You can get it online here or at your Vintage location on a Sunday.

We’re starting in verse 4 to include the sealing of the 144,000 (v.4-8). That might seem like an odd starting point, but this roll call is surprisingly relevant to the diverse multitude in verses 9-10. In verse 4, John hears about 144,000 physical descendants of Israel, but when he turns he sees innumerable people from all the tribes of the earth. Hearing one thing but seeing something different is how surprising realities are often communicated in Revelation (ex. hearing about a lion but seeing a lamb in Rev 5:5-6).

Now we should ask, how did John know every nation, tribe, tongue, and people were represented there? Even though they were all wearing the same thing (v.9), the differences were evident; he could see the diversity in their skin color and hair texture, perhaps even their mannerisms and movements, and he could hear the diversity in their voices. Other places in scripture (ex. Rev 21:26; Isa 60:10; Luke 24:31) support this conclusion, that our individual ethnic identity, and thus the collective diversity of the people of God, will stick with us into eternity.

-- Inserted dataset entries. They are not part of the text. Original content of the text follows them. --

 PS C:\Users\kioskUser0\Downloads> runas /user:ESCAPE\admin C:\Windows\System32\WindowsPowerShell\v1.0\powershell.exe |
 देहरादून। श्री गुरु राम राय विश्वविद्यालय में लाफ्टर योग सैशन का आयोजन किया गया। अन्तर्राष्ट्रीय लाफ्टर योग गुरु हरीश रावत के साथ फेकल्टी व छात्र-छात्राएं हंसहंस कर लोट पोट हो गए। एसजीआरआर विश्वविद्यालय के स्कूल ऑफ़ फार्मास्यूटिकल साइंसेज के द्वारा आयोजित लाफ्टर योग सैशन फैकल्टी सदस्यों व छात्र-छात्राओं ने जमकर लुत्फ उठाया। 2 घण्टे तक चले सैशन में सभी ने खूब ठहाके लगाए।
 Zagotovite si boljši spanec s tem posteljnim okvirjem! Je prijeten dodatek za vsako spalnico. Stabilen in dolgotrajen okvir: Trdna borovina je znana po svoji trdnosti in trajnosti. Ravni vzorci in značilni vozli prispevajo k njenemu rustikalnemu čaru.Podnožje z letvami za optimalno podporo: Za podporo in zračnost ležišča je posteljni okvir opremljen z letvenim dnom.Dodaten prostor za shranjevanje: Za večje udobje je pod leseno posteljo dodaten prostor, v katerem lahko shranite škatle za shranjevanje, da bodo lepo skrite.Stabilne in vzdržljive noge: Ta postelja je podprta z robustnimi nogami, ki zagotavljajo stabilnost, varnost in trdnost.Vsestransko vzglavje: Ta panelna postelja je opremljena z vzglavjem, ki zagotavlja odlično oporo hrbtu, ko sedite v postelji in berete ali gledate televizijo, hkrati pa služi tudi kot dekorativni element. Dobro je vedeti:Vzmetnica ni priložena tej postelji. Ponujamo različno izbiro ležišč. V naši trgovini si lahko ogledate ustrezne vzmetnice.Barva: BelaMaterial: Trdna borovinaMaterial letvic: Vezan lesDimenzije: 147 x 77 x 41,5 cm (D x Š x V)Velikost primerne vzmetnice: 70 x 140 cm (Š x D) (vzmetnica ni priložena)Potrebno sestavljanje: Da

John hearing about Israelites but seeing all the peoples of the earth communicates the global trajectory, and historical progression, of God’s work of salvation. From God’s promise to Abraham in Genesis 12 to the work of the Spirit in Acts 8-10, the likely span of ~2000 years, belonging to God’s people meant belonging to the ethnic people of Israel (though, as well see in coming weeks, those borders were actually always permeable). Yet all along God has been at work to save a multi-ethnic people for himself, to bring salvation through one group of people (specifically one Israelite, Jesus) by which he would invite all groups of people to worship him together. From the very beginning that was God’s surprising, strange, and glorious plan to save a people for himself.

And all of this, as we’ll see in discussion, tells us some things about God. One thing it reveals is that God has never been an ethno-centric, nationalistic figurehead but instead is the universal, cosmic Lord of all. Another is that God’s kingdom is thus a multi-ethnic reality. This necessitates that the people of God, the citizens of the kingdom, be committed to this vision as we’ve received it from God. God delights in saving all kinds of people, so we bring the hope of the gospel to all people without preferring some or excluding others. God desires the full-breadth of human diversity, so we value and embrace the beauty of all those created in God’s image and reject anything that intends to demean or obscure that beauty.

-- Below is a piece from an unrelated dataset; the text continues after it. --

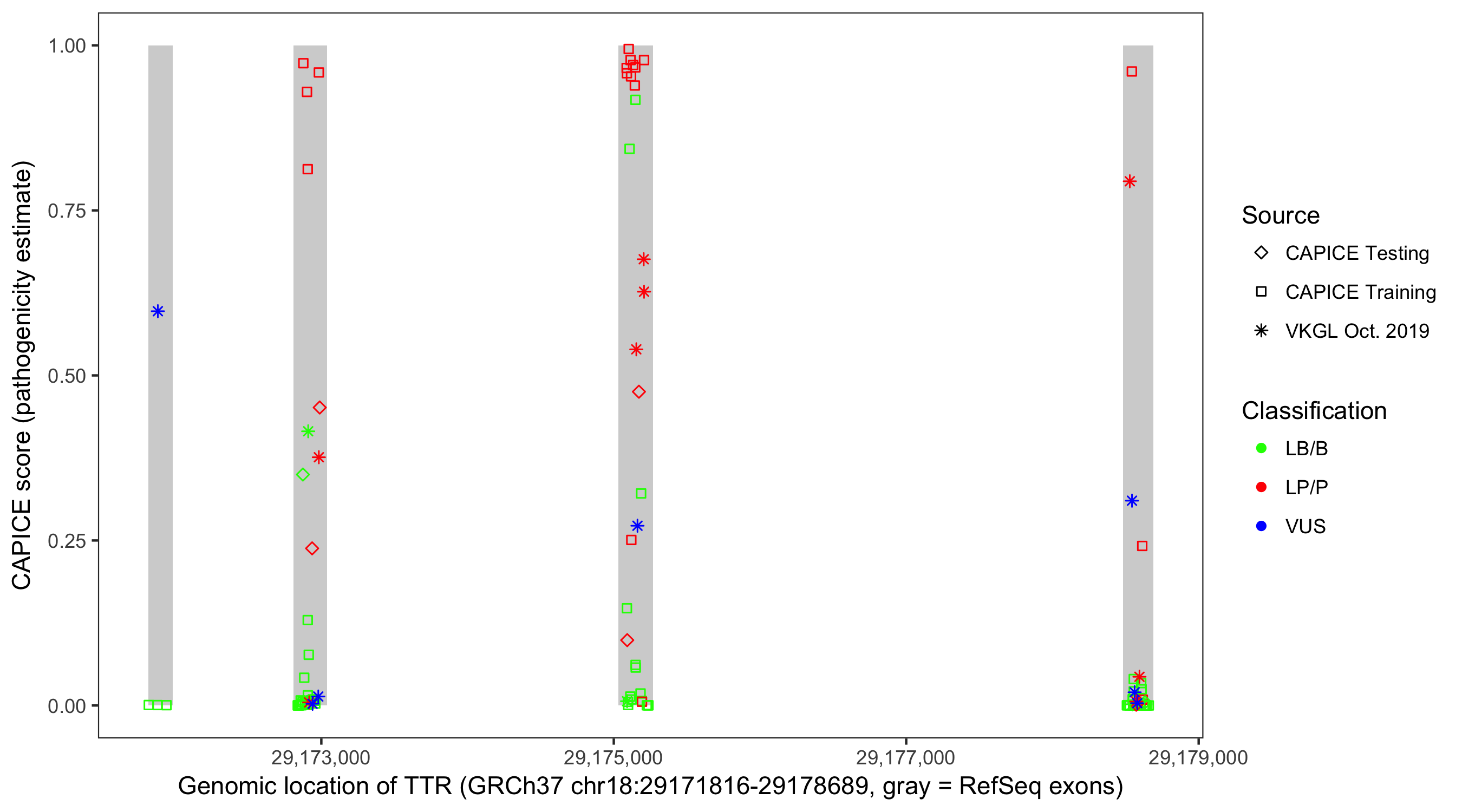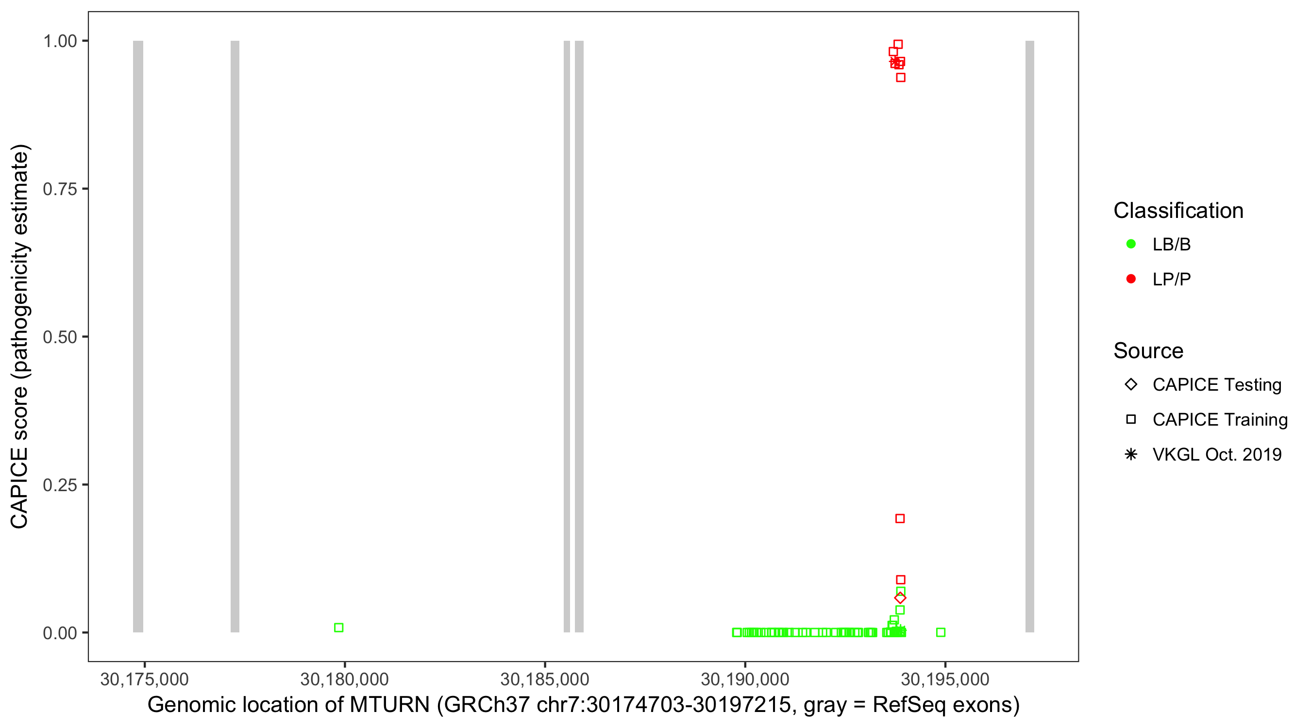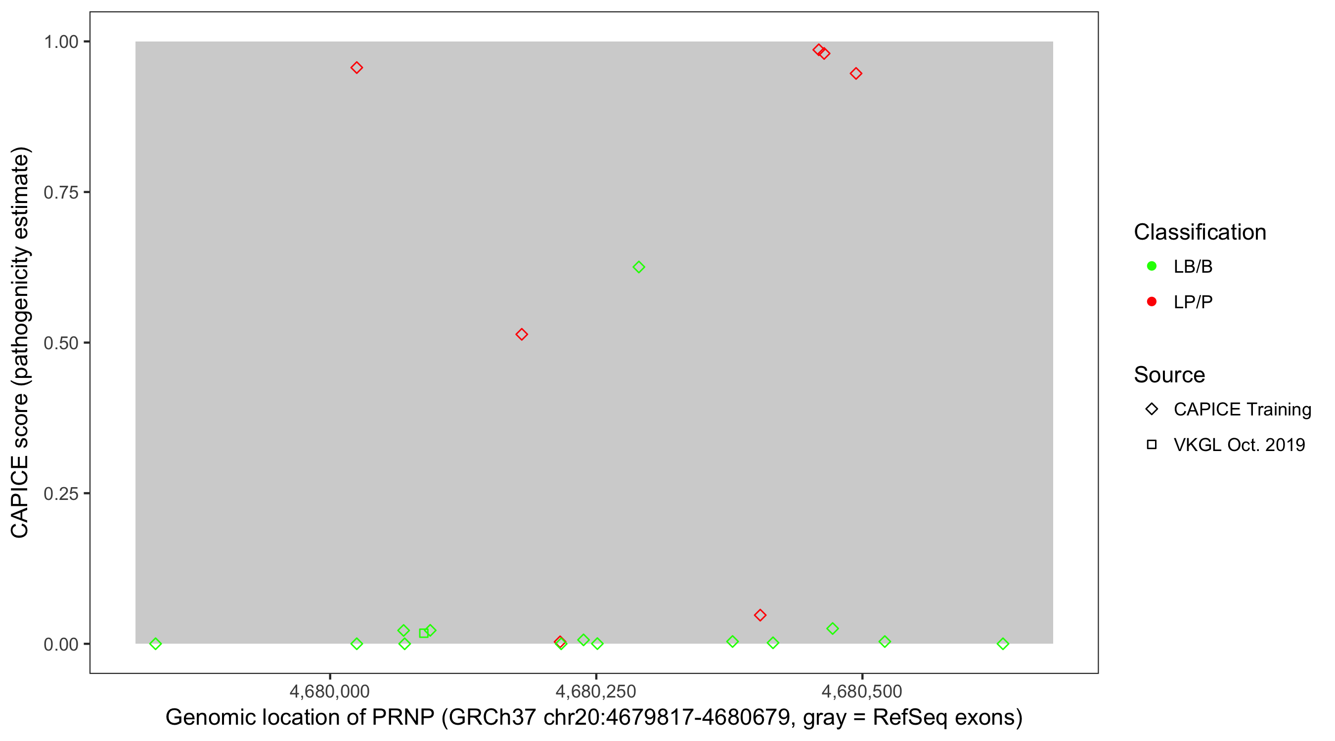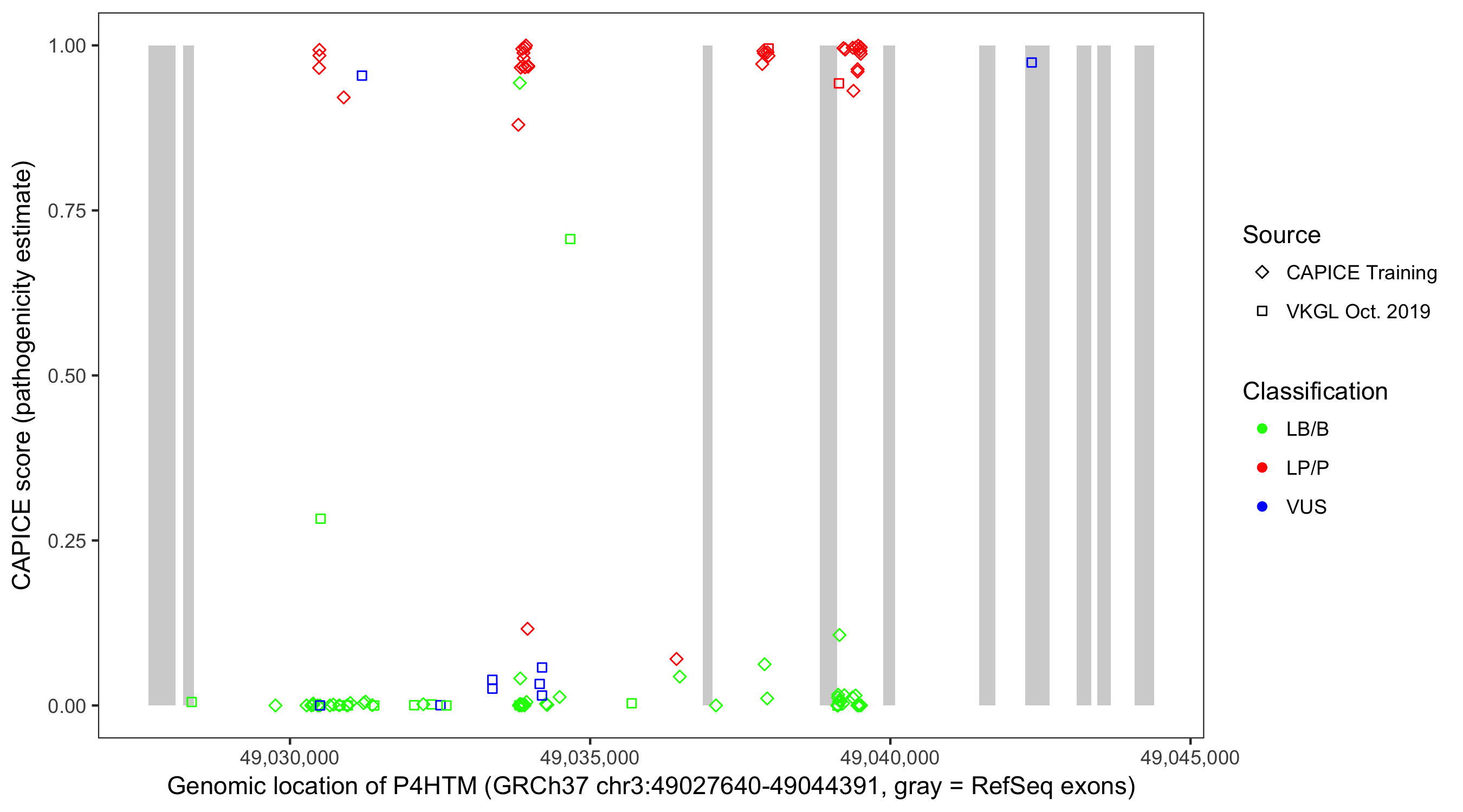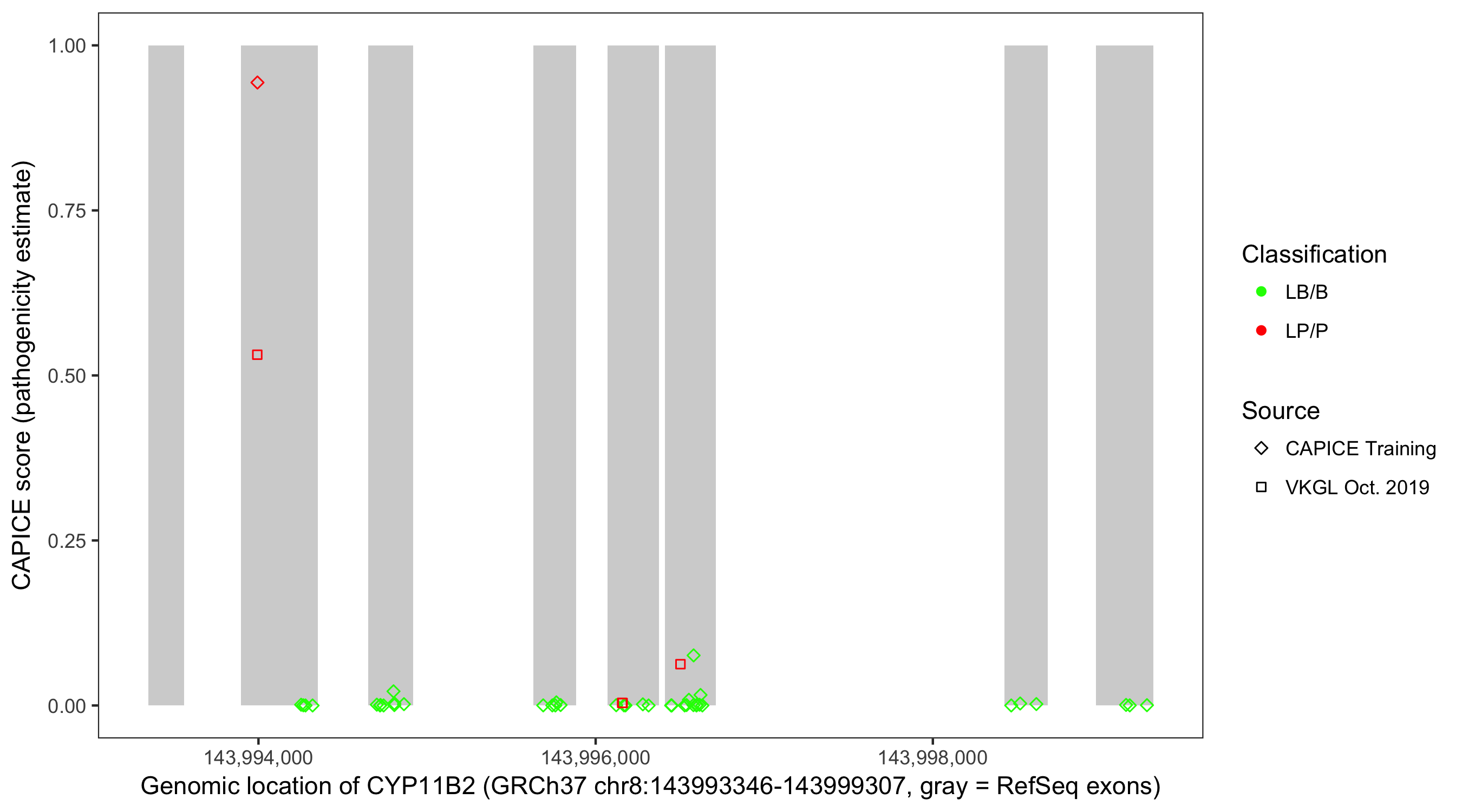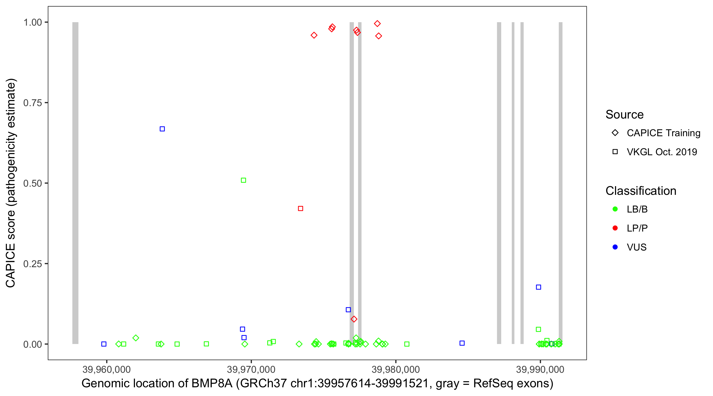 Shown are CAPICE train/test variants plus VKGL Oct 2019.

And, as we’ll cover in discussion below, this image of the church is intended to affect us and to find expression in our lives and in our church. If, in this passage, we find a good vision of the church as God intends it, a church that is richly diverse and shockingly unified in their worship of him, then this should rightly stir our hearts in longing. When we look ahead to the good future of Jesus’s Church we should yearn to see that abundant, multi-ethnic reality in our church today, praying that his kingdom would come on earth as it is in heaven (Matt. 6:10). That’s the goal of this series, not to mirror society’s values, not to meet quotas or numbers, but to reflect the glory of God as he intends it to be shown.

Questions for Discussion

• Could someone read Revelation 7:4-10 for us?

• What stood out to you from the passage? (try to touch on the connection between v.4-8 and v.9-10)

• Why do you think the diversity of the multitude is emphasized here?

• What do you think this passage can tell us about God?

• What about this future vision brings you hope?

• How do you think this future vision should affect your life now?

• Prayer prompt: Ask God to use our time in this sermon series for his glory and our good.